[Work order] Word for word, repeat the data that follows. Do not include the pictures.

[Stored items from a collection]
↓

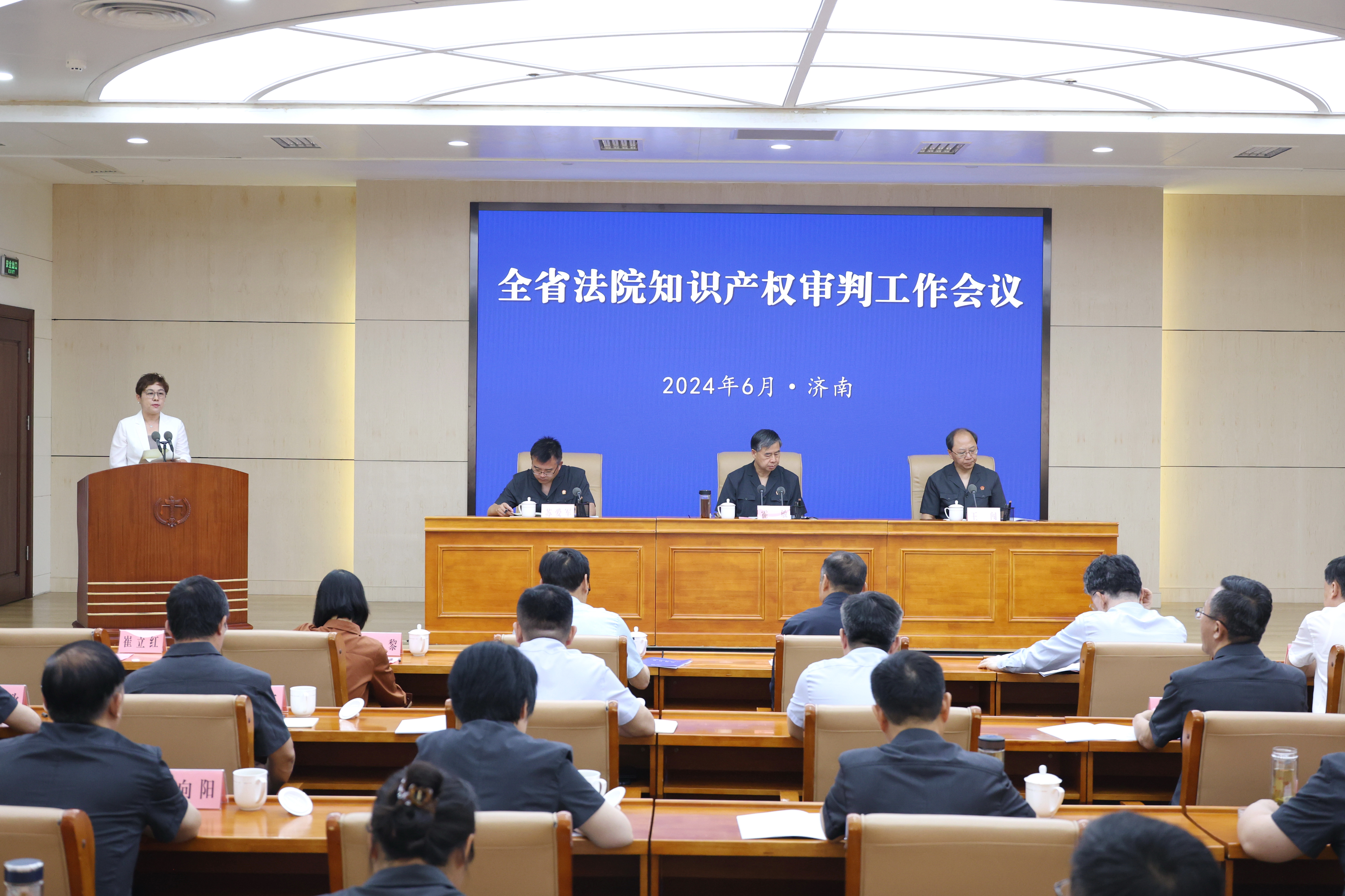 山东省高级人民法院党组书记、院长霍敏出席会议并讲话,党组副书记、副院长王闯主持会议。全国人大代表、全国政协委员、专家学者、省直有关部门负责同志,各市中级法院分管领导和庭长、济南、青岛知识产权法庭等,部分新闻媒体代表在主会场和视频参会。
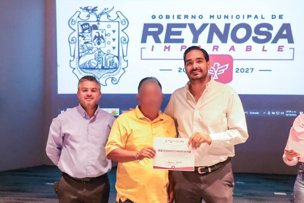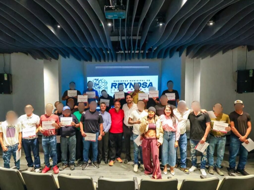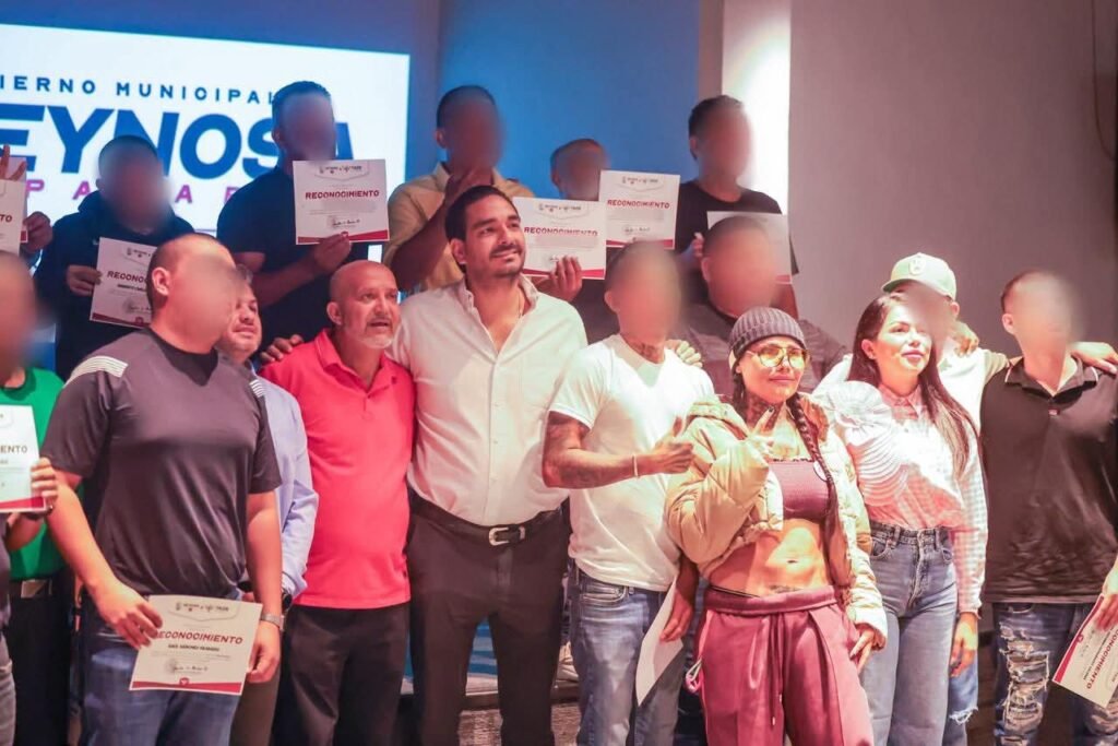 Reynosa, Tamaulipas. El Presidente Municipal Carlos Peña Ortiz, acompañado por la campeona mundial de box Mariana “La Barbie” Juárez, entregó reconocimientos a una nueva generación de egresados del programa social Tazo Dorado, que impulsa una nueva vida con más oportunidades para quienes sufre de problemas de adicción.
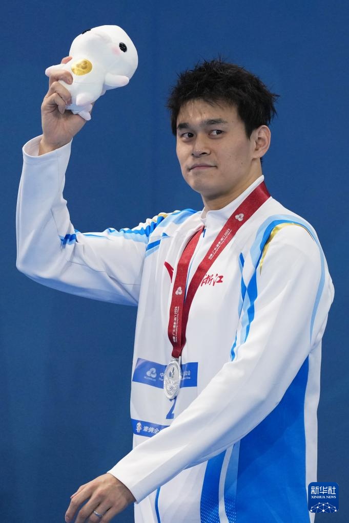 11月15日,浙江队选手孙杨在颁奖仪式后。浙江队获得亚军。
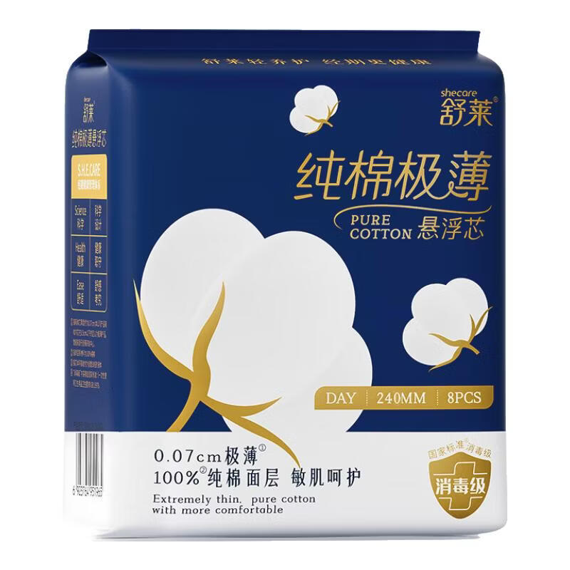 舒莱 消毒级纯棉卫生巾 8片
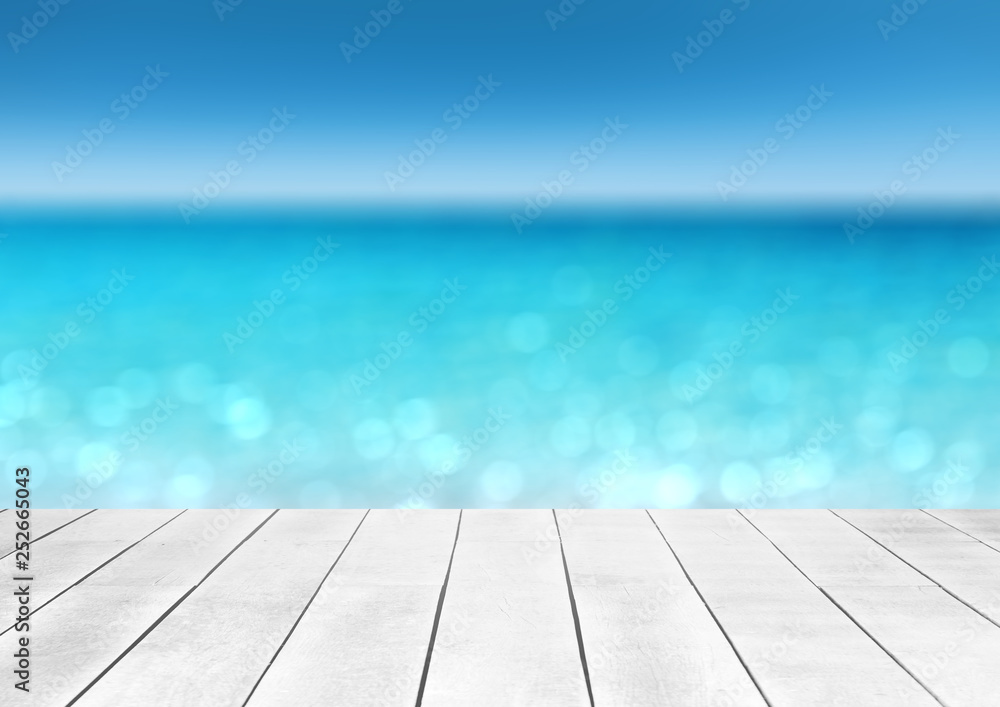 wooden table top with blur ocean background summer concept
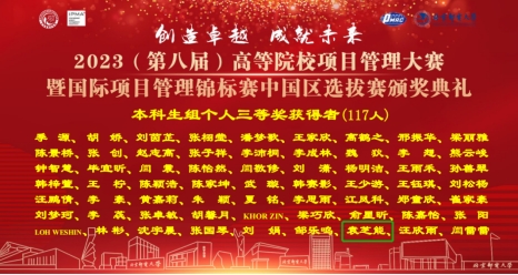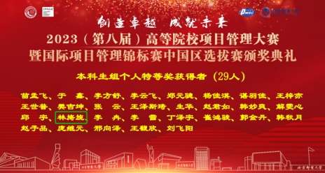 5月28日,由中国优选统筹法与经济数学研究会、国际项目管理协会主办的第八届全国高等院校项目管理大赛暨国际项目管理锦标赛中国区选拔赛成功落下帷幕。成人影视 工程管理专业学生袁芝能、林旖旎、张浩叶、吴惠所组团队荣获本科生组团队二等奖。同时,林旖旎和袁芝能两位参赛选手还分别斩获大赛本科生组个人特等奖和个人三等奖两项殊荣。
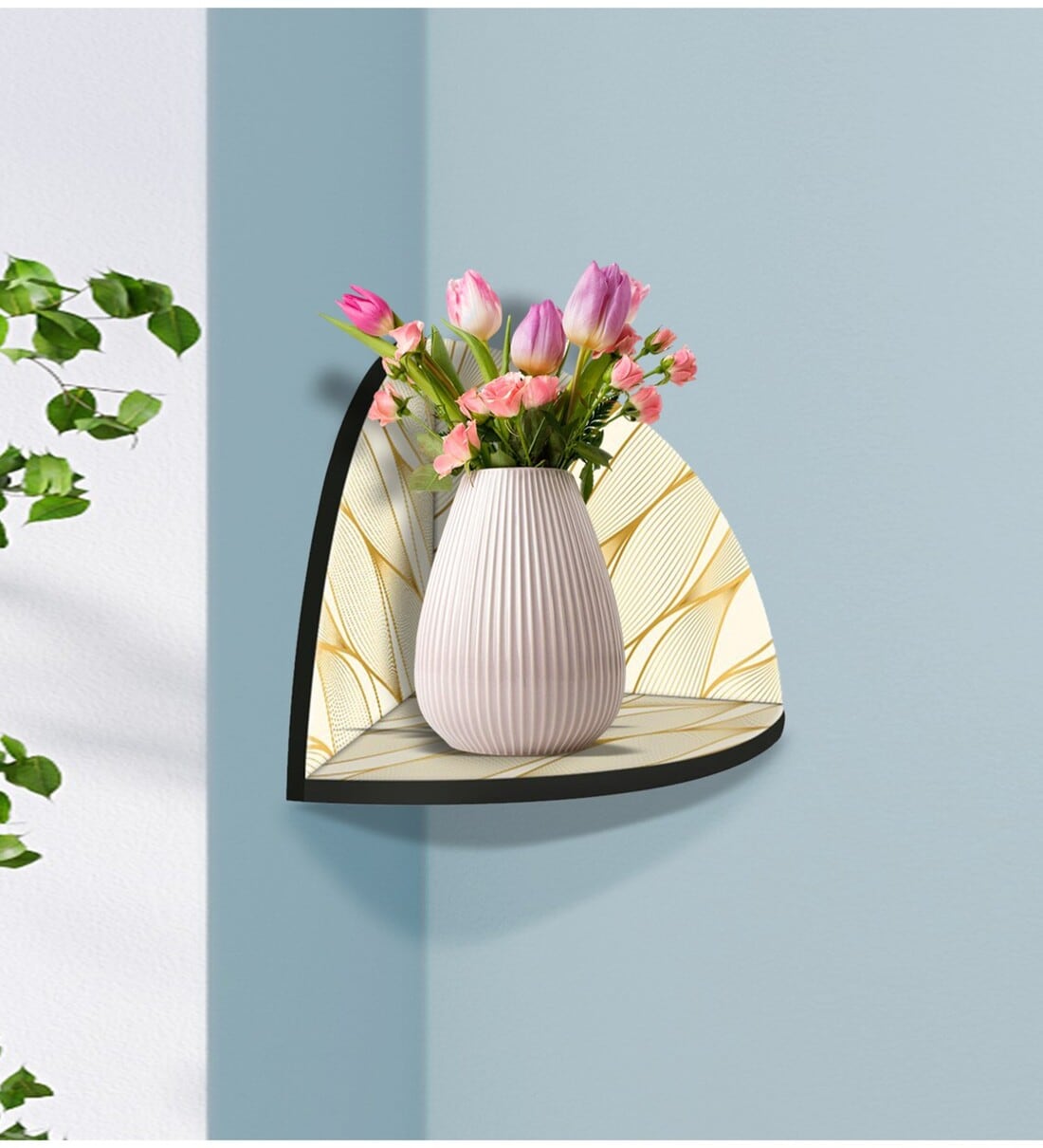 MDF corner with printed designs corner wall shelf for living room with matte finish for perfect home decor.
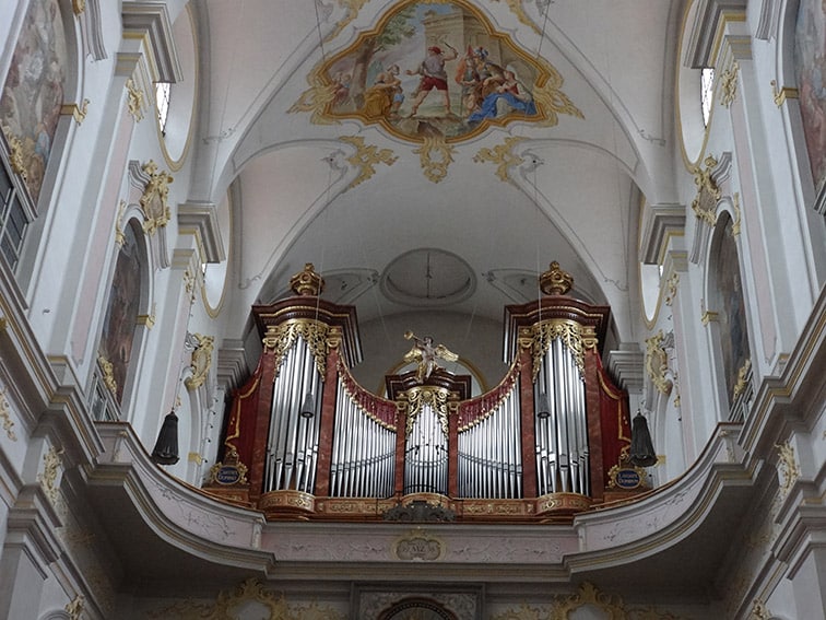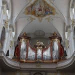 HAUPTWERK (C – g3) 56 TOETSEN: Praestant 16′, Principal 8′, Doppelflöte 8′, Viola 8′, Bordun 8′, Octave 4′, Blockflöte 4′, Quinte 2 2/3′, Superoctave 2′, Terz 1 3/5′, Mixtura Maior 4 fach (2′), Mixtura Minor 4 fach (1′), Bombarde 16′, Trompette 8′, Zimbelstern.
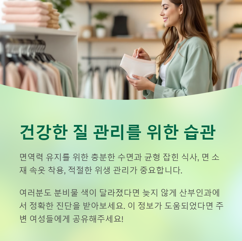 • 위생 관리: 생리 중 자주 속옷 교체, 성관계 전후 청결 유지가 필요합니다.
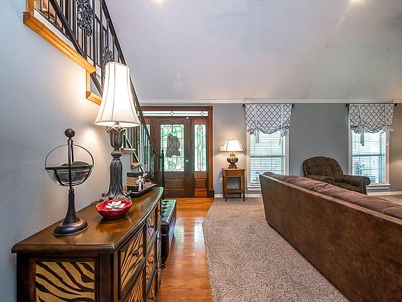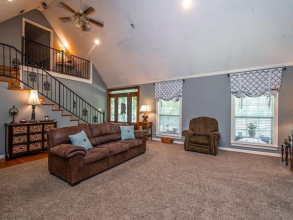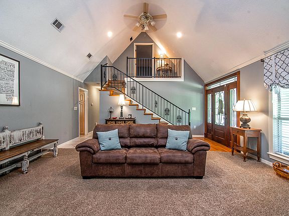 This beautiful Colonial-style home is 5 BR, 2.5BA home with 2550 sq ft. Main floor has approximately 2050 sq ft with 3 BR, 2BA, living room, kitchen and breakfast area, laundry room, safe room (located under the stairs), and an additional flexible living space. The large master suite has a full bath with separate walk-in closets. The other two bedrooms share a large bathroom with plenty of extra storage. The living room has a beautiful, vaulted ceiling and a large built-in entertainment center. The additional living space, located just off the kitchen and breakfast area, has a large window overlooking the front yard and is currently being used as a den/office.Upstairs has approximately 500 square feet with 2 bedrooms and a half bathroom. The larger bedroom could also be used as a playroom
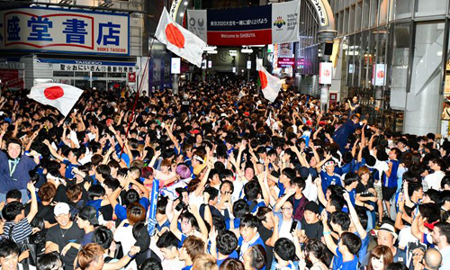 Các cổ động viên Nhật Bản tại khu Shibuya, trung tâm thủ đô Tokyo, ăn mừng sau khi đội tuyển vượt qua vòng bảng World Cup 2018. Ảnh: Asahi.
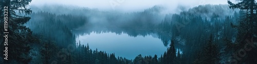 Fototapeta premium Serene Mountain Lake Enveloped by Misty Forest
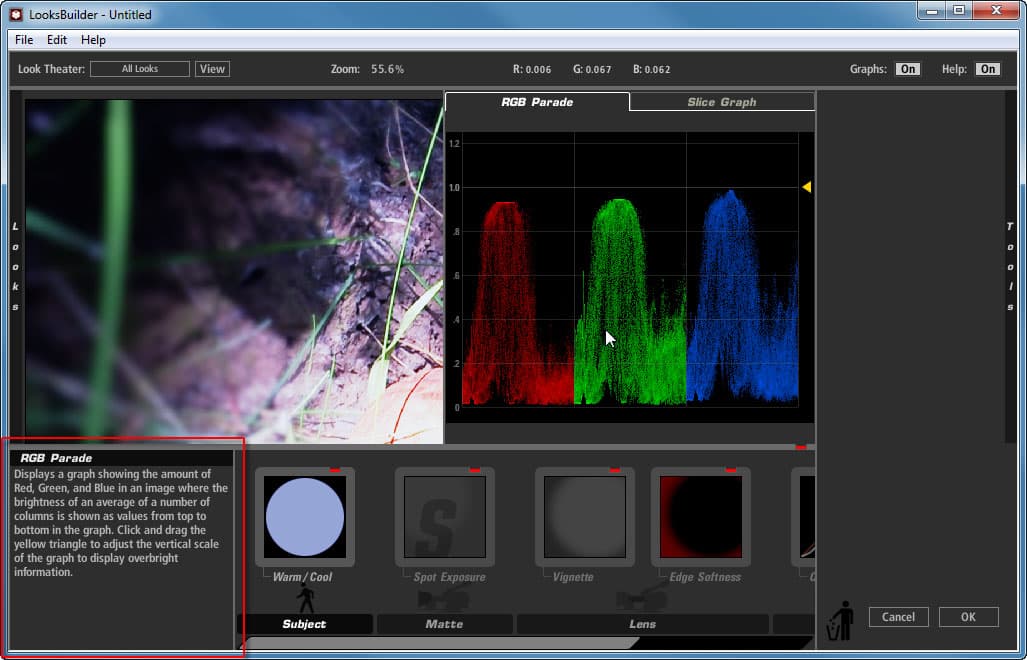 Эти окна играют чисто информативную роль. Первое состоит из двух вкладок, RGB Parade и Slice Graph, в которых отображается цветовое пространство текущего кадра в виде соответствующих графиков.
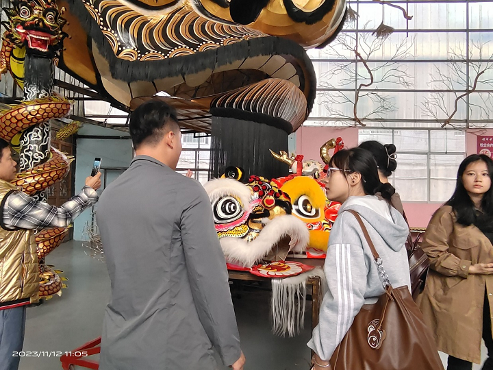 参观过程中,藤县龙狮运动协会会长、藤县舞狮区级传承人祝启春首先向师生介绍了藤县狮舞的辉煌发展历程。藤县狮舞至今已有1297年的历史,其以精湛的技艺闻名于世。2004年,藤县榻洲狮队获得马来西亚第六届云顶世界狮王争霸赛并列第一名,并获得“世界狮王”“东方狮王”称号;2011年被列入第三批国家级非物质文化遗产保护名录;2021年获评中华体育文化优秀项目;在历年的世界级赛事中获得多次冠军。曾登上2019年央视春节联欢晚会,2022年、2023年央视元宵晚会,在央视出品的《中国达人秀》、《我要上春晚》、《开门大吉》、《出彩中国人》等节目中,曾留下了藤县狮舞的精彩表演。
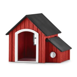 El pastor australià és un gos molt esportista i té molta energia. Li encanta estar a l’aire lliure i cuidar de les ovelles. La nova caseta de gos ho protegeix del vent i la humitat. Per a aïllar la fred, la caseta també està aïllada amb una base gruixuda que fa calor.
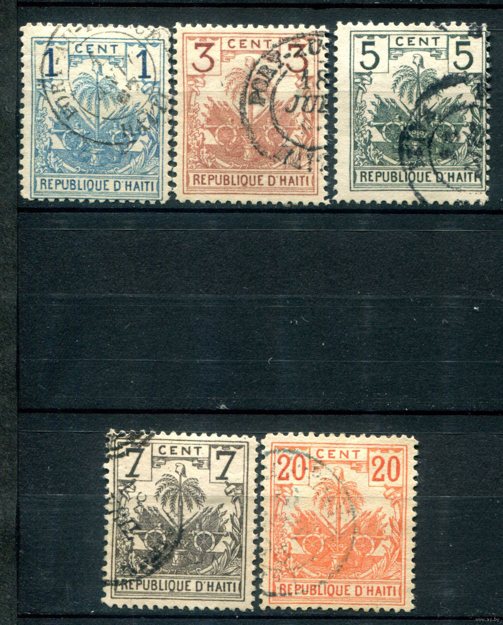 Гаити - 1896г. - пальма, герб - 5 марок - гашёные. #4-W1-125-A-2
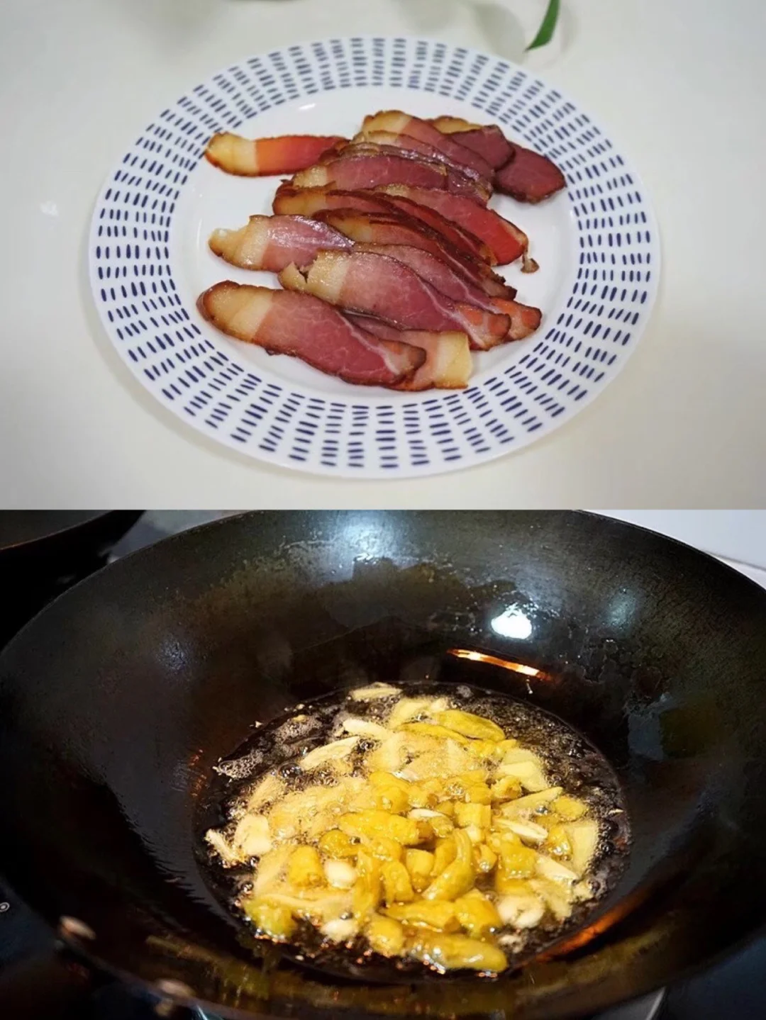 3.腊肉清洗干净,水里煮一下,切成薄薄的小片待用

↑

[Answer space]
 山东省高级人民法院党组书记、院长霍敏出席会议并讲话,党组副书记、副院长王闯主持会议。全国人大代表、全国政协委员、专家学者、省直有关部门负责同志,各市中级法院分管领导和庭长、济南、青岛知识产权法庭等,部分新闻媒体代表在主会场和视频参会。
 Reynosa, Tamaulipas. El Presidente Municipal Carlos Peña Ortiz, acompañado por la campeona mundial de box Mariana “La Barbie” Juárez, entregó reconocimientos a una nueva generación de egresados del programa social Tazo Dorado, que impulsa una nueva vida con más oportunidades para quienes sufre de problemas de adicción.
 11月15日,浙江队选手孙杨在颁奖仪式后。浙江队获得亚军。
 舒莱 消毒级纯棉卫生巾 8片
 wooden table top with blur ocean background summer concept
 5月28日,由中国优选统筹法与经济数学研究会、国际项目管理协会主办的第八届全国高等院校项目管理大赛暨国际项目管理锦标赛中国区选拔赛成功落下帷幕。成人影视 工程管理专业学生袁芝能、林旖旎、张浩叶、吴惠所组团队荣获本科生组团队二等奖。同时,林旖旎和袁芝能两位参赛选手还分别斩获大赛本科生组个人特等奖和个人三等奖两项殊荣。
 MDF corner with printed designs corner wall shelf for living room with matte finish for perfect home decor.
 HAUPTWERK (C – g3) 56 TOETSEN: Praestant 16′, Principal 8′, Doppelflöte 8′, Viola 8′, Bordun 8′, Octave 4′, Blockflöte 4′, Quinte 2 2/3′, Superoctave 2′, Terz 1 3/5′, Mixtura Maior 4 fach (2′), Mixtura Minor 4 fach (1′), Bombarde 16′, Trompette 8′, Zimbelstern.
 • 위생 관리: 생리 중 자주 속옷 교체, 성관계 전후 청결 유지가 필요합니다.
 This beautiful Colonial-style home is 5 BR, 2.5BA home with 2550 sq ft. Main floor has approximately 2050 sq ft with 3 BR, 2BA, living room, kitchen and breakfast area, laundry room, safe room (located under the stairs), and an additional flexible living space. The large master suite has a full bath with separate walk-in closets. The other two bedrooms share a large bathroom with plenty of extra storage. The living room has a beautiful, vaulted ceiling and a large built-in entertainment center. The additional living space, located just off the kitchen and breakfast area, has a large window overlooking the front yard and is currently being used as a den/office.Upstairs has approximately 500 square feet with 2 bedrooms and a half bathroom. The larger bedroom could also be used as a playroom
 Các cổ động viên Nhật Bản tại khu Shibuya, trung tâm thủ đô Tokyo, ăn mừng sau khi đội tuyển vượt qua vòng bảng World Cup 2018. Ảnh: Asahi.
 Fototapeta premium Serene Mountain Lake Enveloped by Misty Forest
 Эти окна играют чисто информативную роль. Первое состоит из двух вкладок, RGB Parade и Slice Graph, в которых отображается цветовое пространство текущего кадра в виде соответствующих графиков.
 参观过程中,藤县龙狮运动协会会长、藤县舞狮区级传承人祝启春首先向师生介绍了藤县狮舞的辉煌发展历程。藤县狮舞至今已有1297年的历史,其以精湛的技艺闻名于世。2004年,藤县榻洲狮队获得马来西亚第六届云顶世界狮王争霸赛并列第一名,并获得“世界狮王”“东方狮王”称号;2011年被列入第三批国家级非物质文化遗产保护名录;2021年获评中华体育文化优秀项目;在历年的世界级赛事中获得多次冠军。曾登上2019年央视春节联欢晚会,2022年、2023年央视元宵晚会,在央视出品的《中国达人秀》、《我要上春晚》、《开门大吉》、《出彩中国人》等节目中,曾留下了藤县狮舞的精彩表演。
 El pastor australià és un gos molt esportista i té molta energia. Li encanta estar a l’aire lliure i cuidar de les ovelles. La nova caseta de gos ho protegeix del vent i la humitat. Per a aïllar la fred, la caseta també està aïllada amb una base gruixuda que fa calor.
 Гаити - 1896г. - пальма, герб - 5 марок - гашёные. #4-W1-125-A-2
 3.腊肉清洗干净,水里煮一下,切成薄薄的小片待用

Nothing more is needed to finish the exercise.